(Provided information)
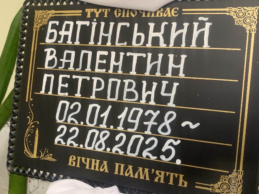 Солдат Валентин Багінський – наш земляк, захисник України – після виснажливої боротьби із хворобою помер у лікарні. Попри всі зусилля медиків, 22 серпня 2025 року його серце зупинилося… Серце воїна, що пройшов службу заради Батьківщини. Серце рідної людини, яке жило турботою за своїх близьких. Серце патріота, відданого своїй рідній землі.
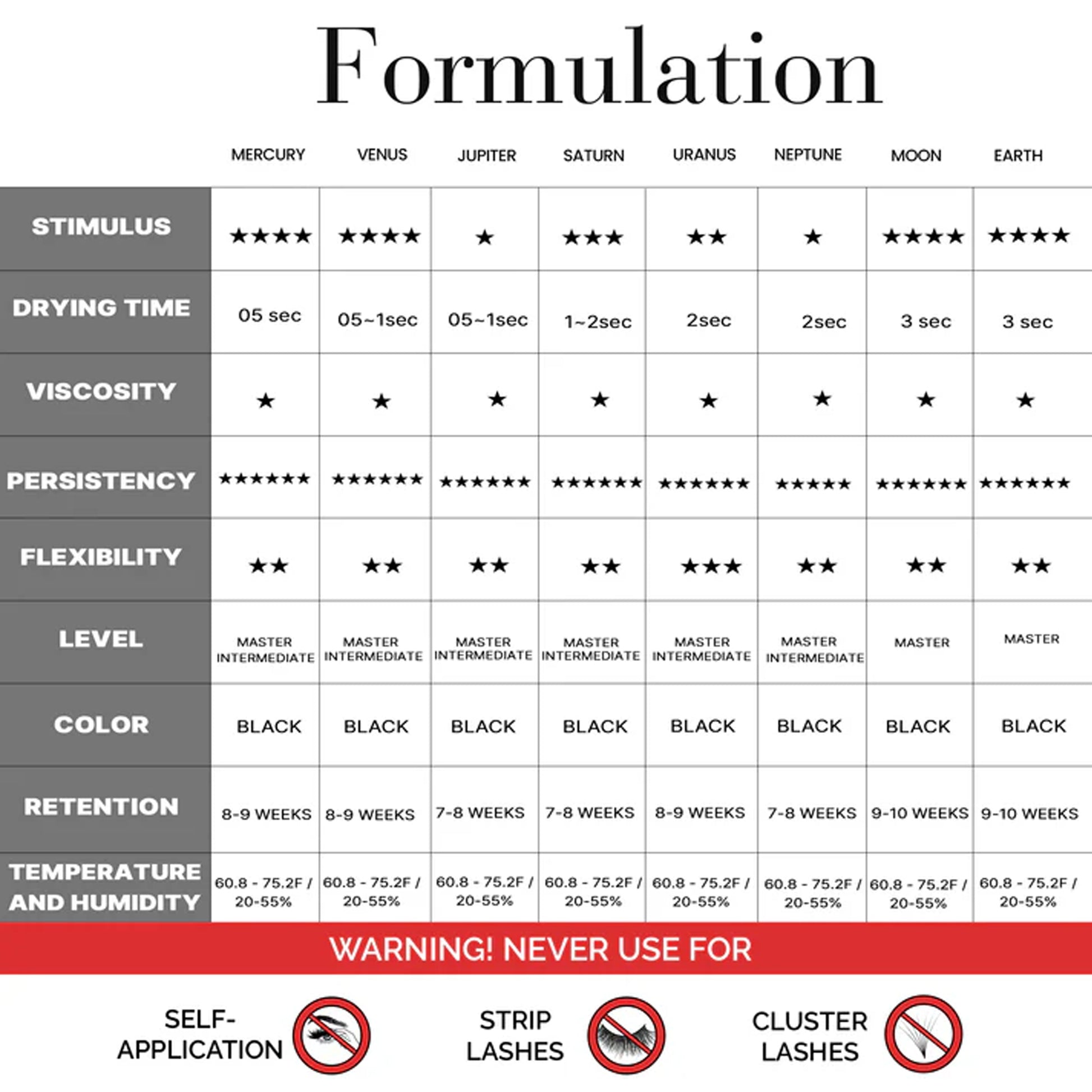 But wait, there's more! We know not all lashes are created equal. That's why our Universe Collection offers a range of adhesives to suit different needs.
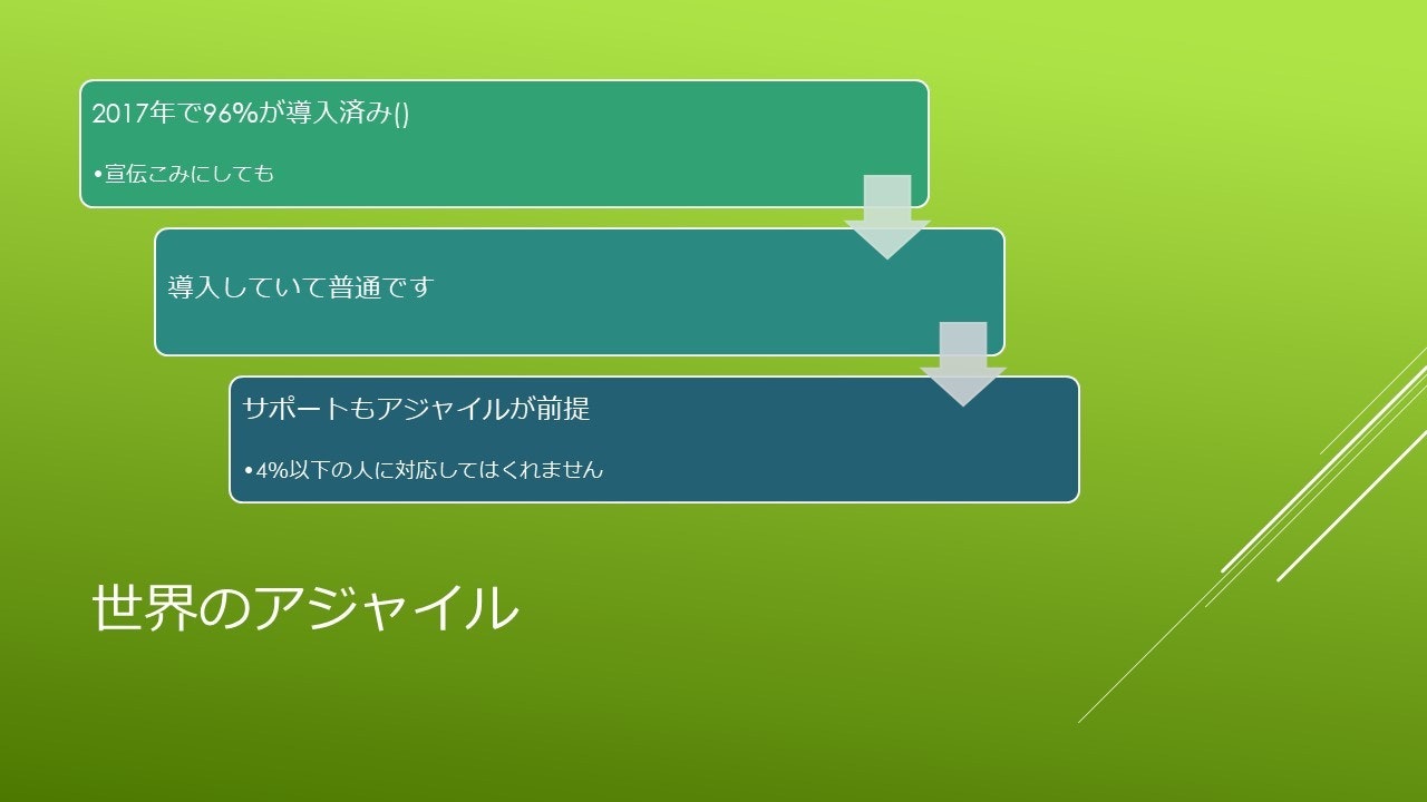 実際、世界中でアジャイルが広がっていて、特に欧米では顕著です。2017年の調査では、96%の企業がアジャイルを導入しているという結果が出ています。
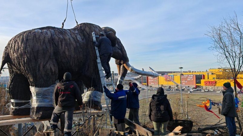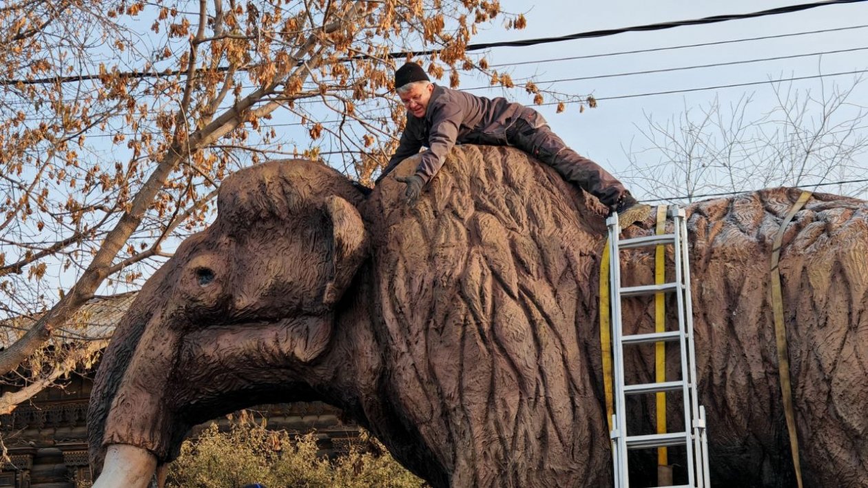 IrkutskMedia, 27 октября. Монументальную фигуру мамонта установили в Иркутске. Скульптура украсила территорию рядом с "Домом природы" Иркутской зоогалереи.
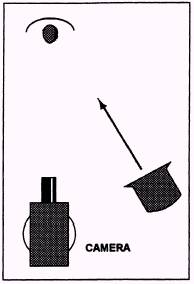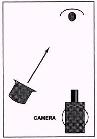 Figure 14-28. - Fill light. degrees. You may eventually make adjustment for any number of reasons, but this is a good place to start. Fill Light The fill light (fig. 14-28) fills in and softens the harsh shadows created by the key light. Position it on the opposite side of the camera from the key light and elevate it 30 to 35 degrees. Backlight The backlight (fig. 14-29) is used to separate the subject from the background by casting a rim of light across the head and shoulders of the subject. You should place the backlight at an elevated angle, but be careful not to light the top of the subject's head. A good starting point for the backlight is directly behind the subject, elevated 30 to 35 degrees. If your light is mounted on a stand, move it off to the side a little to get the standout of the picture. Use of the f/Stop Like any other camera lens, a television camera lens produces optimum results when stopped down one or two stops from its maximum aperture. Depth of field also is increased by stopping down. Therefore, your lighting should have sufficient intensity so you can stop down for the best picture possible.
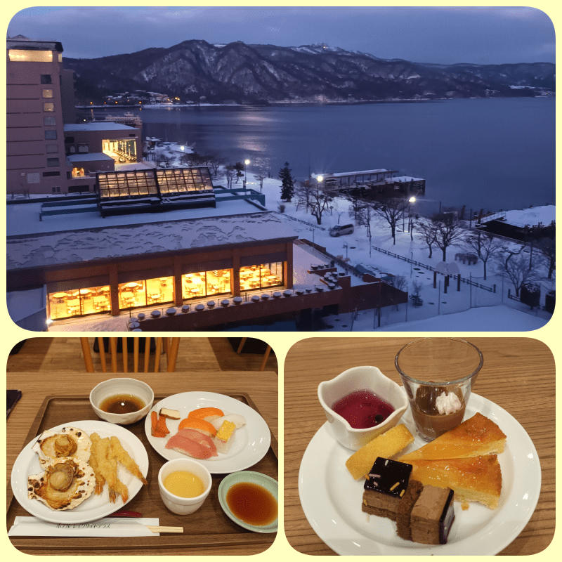 Atas : Lake Toya malam hari, bawah : dinner kami di hotel
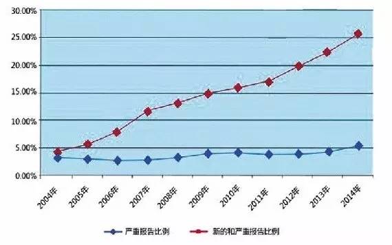 其中,中藥注射劑依然值得關注:2014年全國藥品不良反應監測網絡共收到中藥注射劑報告12.7萬例次,其中嚴重報告占6.7%。與2013年相比,中藥注射劑報告數量增長5.3%,高于總體報告增長率;嚴重報告數量增長26.0%,與總體嚴重報告增長情況基本一致。
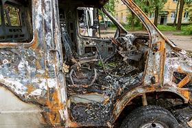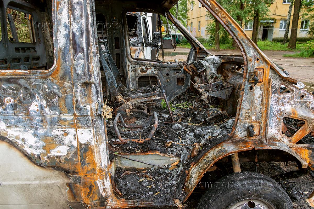 Последствия попадания беспилотного летательного аппарата (БПЛА) на жилой район города. Сгоревший…
(End Provided information)
### Work required
For this exercise, return the data above exactly and leave every picture out.

### Worked solution
 Солдат Валентин Багінський – наш земляк, захисник України – після виснажливої боротьби із хворобою помер у лікарні. Попри всі зусилля медиків, 22 серпня 2025 року його серце зупинилося… Серце воїна, що пройшов службу заради Батьківщини. Серце рідної людини, яке жило турботою за своїх близьких. Серце патріота, відданого своїй рідній землі.
 But wait, there's more! We know not all lashes are created equal. That's why our Universe Collection offers a range of adhesives to suit different needs.
 実際、世界中でアジャイルが広がっていて、特に欧米では顕著です。2017年の調査では、96%の企業がアジャイルを導入しているという結果が出ています。
 IrkutskMedia, 27 октября. Монументальную фигуру мамонта установили в Иркутске. Скульптура украсила территорию рядом с "Домом природы" Иркутской зоогалереи.
 Figure 14-28. - Fill light. degrees. You may eventually make adjustment for any number of reasons, but this is a good place to start. Fill Light The fill light (fig. 14-28) fills in and softens the harsh shadows created by the key light. Position it on the opposite side of the camera from the key light and elevate it 30 to 35 degrees. Backlight The backlight (fig. 14-29) is used to separate the subject from the background by casting a rim of light across the head and shoulders of the subject. You should place the backlight at an elevated angle, but be careful not to light the top of the subject's head. A good starting point for the backlight is directly behind the subject, elevated 30 to 35 degrees. If your light is mounted on a stand, move it off to the side a little to get the standout of the picture. Use of the f/Stop Like any other camera lens, a television camera lens produces optimum results when stopped down one or two stops from its maximum aperture. Depth of field also is increased by stopping down. Therefore, your lighting should have sufficient intensity so you can stop down for the best picture possible.
 Atas : Lake Toya malam hari, bawah : dinner kami di hotel
 其中,中藥注射劑依然值得關注:2014年全國藥品不良反應監測網絡共收到中藥注射劑報告12.7萬例次,其中嚴重報告占6.7%。與2013年相比,中藥注射劑報告數量增長5.3%,高于總體報告增長率;嚴重報告數量增長26.0%,與總體嚴重報告增長情況基本一致。
 Последствия попадания беспилотного летательного аппарата (БПЛА) на жилой район города. Сгоревший…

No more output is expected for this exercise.